Difficulty regulating feelings and mood
Further, compulsive self-destructive behaviors, like other addictive symptoms, are often instigated to ward off painful states. High risk, stimulating behaviors provide a rush powerful enough to overwrite unbearable feelings, offering rapid transport into another state of mind. But this respite is followed by feeling demoralized and out of control and an insidious deterioration of mood, mental state, and family life.
Summary
Shame and emotional dysregulation drive self-destructive behavior, but compartmentalization allows it to continue. Gaps in awareness caused by compartmentalization allow hurtful agendas to operate in their own orbit and spiral out of control.
Dean stopped acting out and engaged in therapy when he connected with himself and the impact of what he was doing felt real.
Keeping his whole mind in sight and avoiding a parallel compartmentalized view of himself, the therapist understood and had faith that if he were fully present with himself, he wouldn’t choose to be out of control and blow up his life.
The therapist activated Dean’s motivation by helping him to let go and accept what he was doing. Refraining from convincing him to stop, instead she helped him “own” in a more integrated and emotionally real way, without escape, how his behavior would play out. Once this happened, he became fearful. The part of him that cared and knew what he had to lose came to the rescue before it was too late.

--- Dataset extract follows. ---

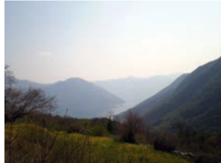
Поглед на Боку из Мориња

A turning point for him was when he talked about a movie he’d recently seen that had a profound effect on him. He identified with a character at the end of his life facing regret and emptiness about how he’d lived it. He feared this would be him in a curiously fatalistic way, but was able to feel for the character. It is this sense of ourselves in perspective through time that, like a lighthouse, guides us to resist temptation and follow a path that protects what we hold dear.
Disconnection from wisdom and perspective is what prevents the experience of conflict that motivates us to have restraint, when tempted to violate what we hold precious. Without this grounding in the conflict, fantasy can lead the way — divorcing us from reality and tricking us into a false sense of how good we will feel and the illusion that we can act out with impunity.